> _Work instruction_
Without any pictures, print the lines below from the one that has "Le meuble bas" through the one that has "Tu as l'air", exactly and nothing else.

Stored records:
********************
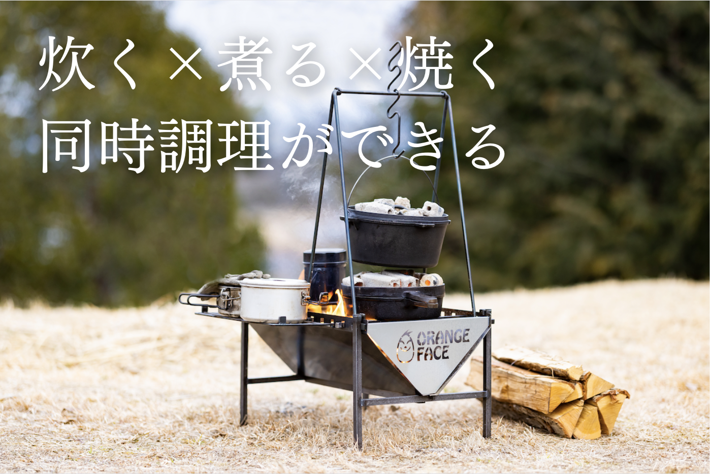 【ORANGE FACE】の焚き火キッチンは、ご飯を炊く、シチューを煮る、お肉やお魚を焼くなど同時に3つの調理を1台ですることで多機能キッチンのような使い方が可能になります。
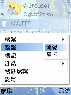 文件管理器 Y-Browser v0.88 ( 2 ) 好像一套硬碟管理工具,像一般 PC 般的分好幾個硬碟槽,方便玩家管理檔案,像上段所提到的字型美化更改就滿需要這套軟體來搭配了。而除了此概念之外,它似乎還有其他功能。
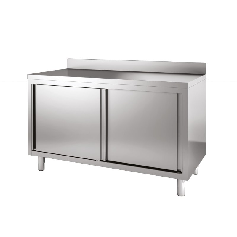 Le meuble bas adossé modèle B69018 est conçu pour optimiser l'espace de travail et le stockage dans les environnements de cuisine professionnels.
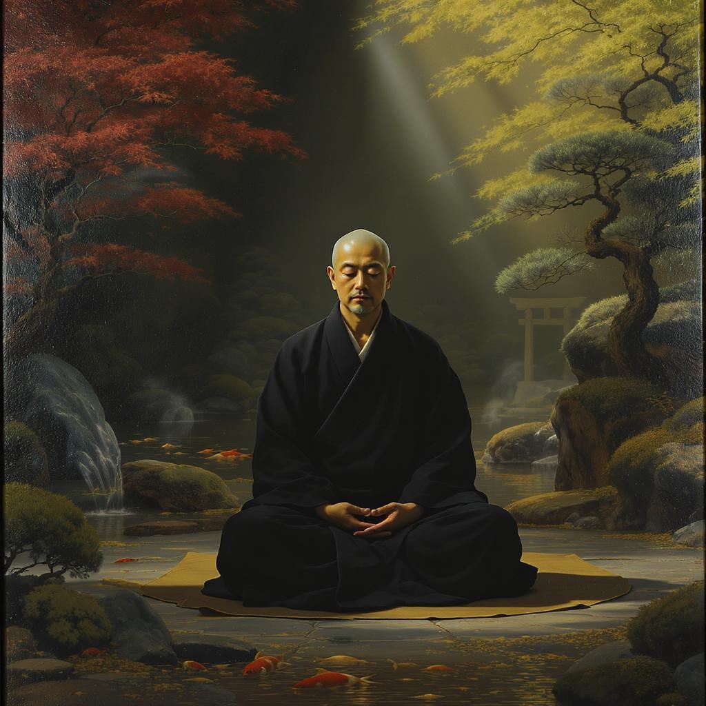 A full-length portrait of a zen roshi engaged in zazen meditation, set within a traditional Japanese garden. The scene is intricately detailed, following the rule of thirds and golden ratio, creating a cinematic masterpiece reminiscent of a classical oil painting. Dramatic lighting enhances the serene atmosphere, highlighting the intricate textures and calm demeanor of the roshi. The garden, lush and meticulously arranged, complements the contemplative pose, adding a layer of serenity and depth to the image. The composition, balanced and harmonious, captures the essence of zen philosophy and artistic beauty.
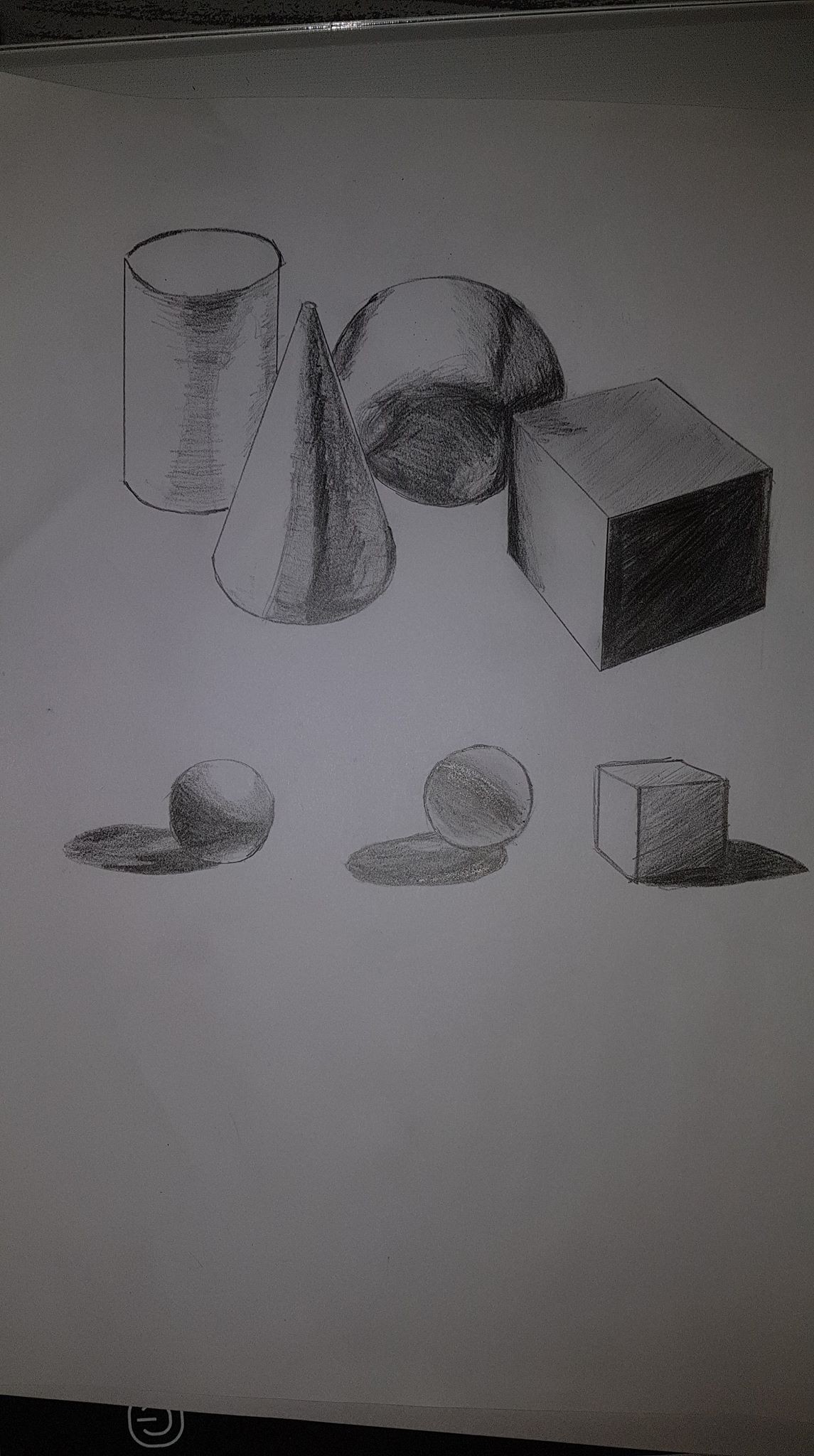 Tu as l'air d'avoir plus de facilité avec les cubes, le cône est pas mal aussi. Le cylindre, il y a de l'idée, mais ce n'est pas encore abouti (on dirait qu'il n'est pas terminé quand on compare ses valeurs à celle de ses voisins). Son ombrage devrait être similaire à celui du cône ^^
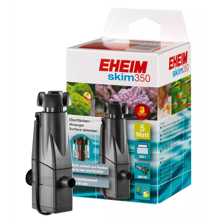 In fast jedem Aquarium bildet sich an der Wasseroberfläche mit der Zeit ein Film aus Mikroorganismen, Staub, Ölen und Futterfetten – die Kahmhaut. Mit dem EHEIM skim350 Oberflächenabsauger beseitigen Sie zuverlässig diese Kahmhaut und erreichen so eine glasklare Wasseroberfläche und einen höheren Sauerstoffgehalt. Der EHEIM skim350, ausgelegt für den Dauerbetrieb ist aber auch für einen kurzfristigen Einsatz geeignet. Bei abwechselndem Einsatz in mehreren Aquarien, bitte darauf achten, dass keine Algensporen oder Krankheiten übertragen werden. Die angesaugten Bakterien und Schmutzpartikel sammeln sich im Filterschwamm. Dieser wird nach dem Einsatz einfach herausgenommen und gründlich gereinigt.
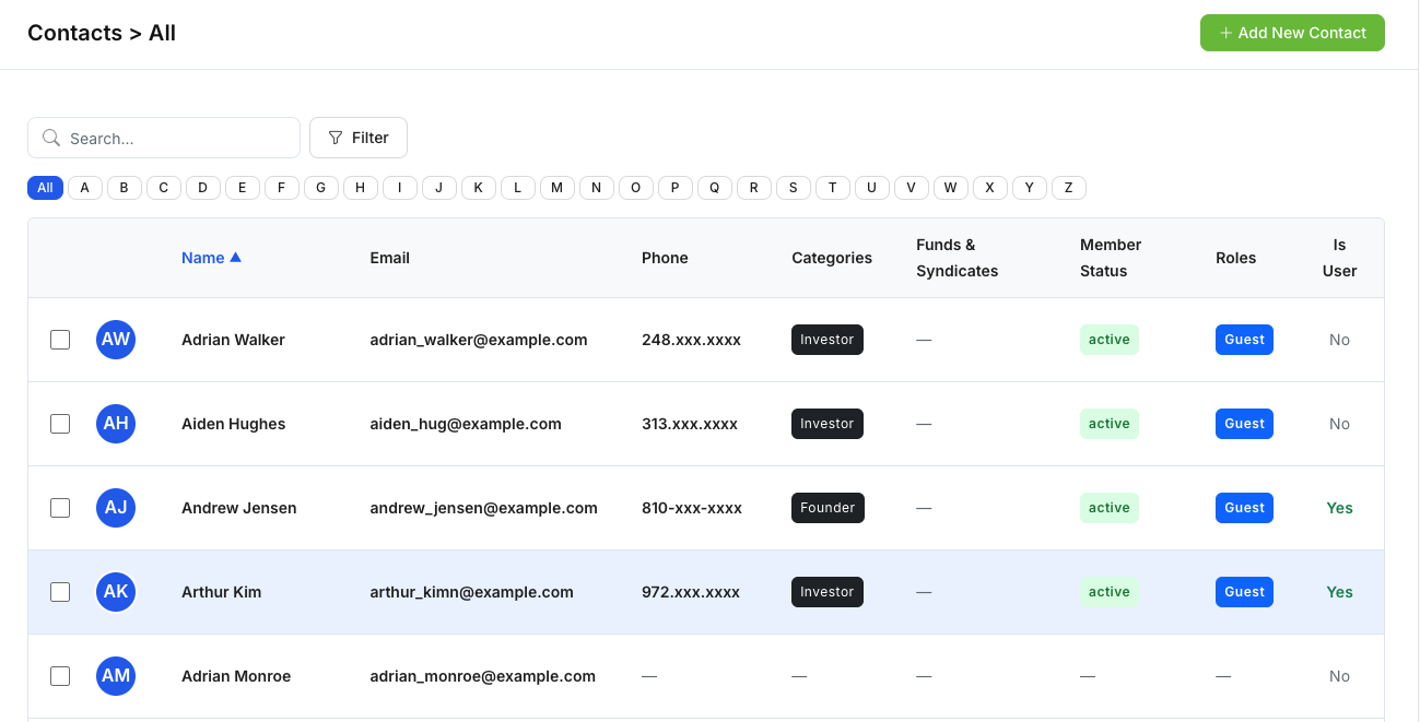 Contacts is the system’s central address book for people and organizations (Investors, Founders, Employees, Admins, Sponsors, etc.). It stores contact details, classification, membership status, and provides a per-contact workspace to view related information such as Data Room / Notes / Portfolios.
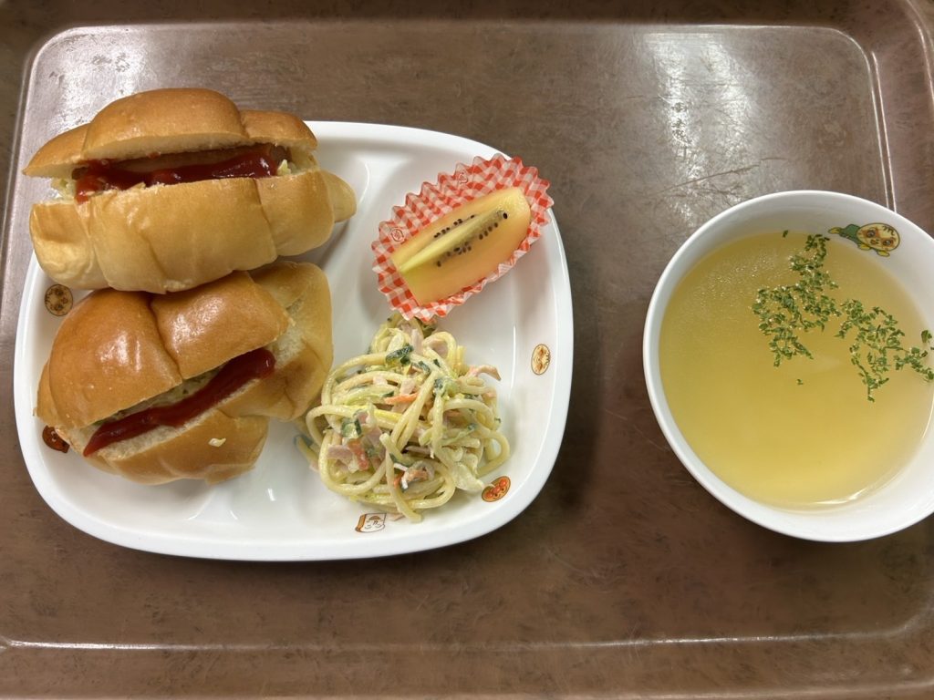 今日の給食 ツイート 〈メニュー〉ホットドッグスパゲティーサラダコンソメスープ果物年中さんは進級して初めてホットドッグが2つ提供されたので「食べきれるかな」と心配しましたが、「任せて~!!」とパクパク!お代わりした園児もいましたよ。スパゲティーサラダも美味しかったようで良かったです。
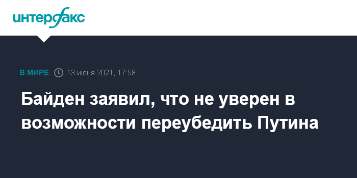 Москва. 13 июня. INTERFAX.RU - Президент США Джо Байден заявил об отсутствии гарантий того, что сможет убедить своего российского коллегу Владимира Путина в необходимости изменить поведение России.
********************
> _Written solution_
 Le meuble bas adossé modèle B69018 est conçu pour optimiser l'espace de travail et le stockage dans les environnements de cuisine professionnels.
 A full-length portrait of a zen roshi engaged in zazen meditation, set within a traditional Japanese garden. The scene is intricately detailed, following the rule of thirds and golden ratio, creating a cinematic masterpiece reminiscent of a classical oil painting. Dramatic lighting enhances the serene atmosphere, highlighting the intricate textures and calm demeanor of the roshi. The garden, lush and meticulously arranged, complements the contemplative pose, adding a layer of serenity and depth to the image. The composition, balanced and harmonious, captures the essence of zen philosophy and artistic beauty.
 Tu as l'air d'avoir plus de facilité avec les cubes, le cône est pas mal aussi. Le cylindre, il y a de l'idée, mais ce n'est pas encore abouti (on dirait qu'il n'est pas terminé quand on compare ses valeurs à celle de ses voisins). Son ombrage devrait être similaire à celui du cône ^^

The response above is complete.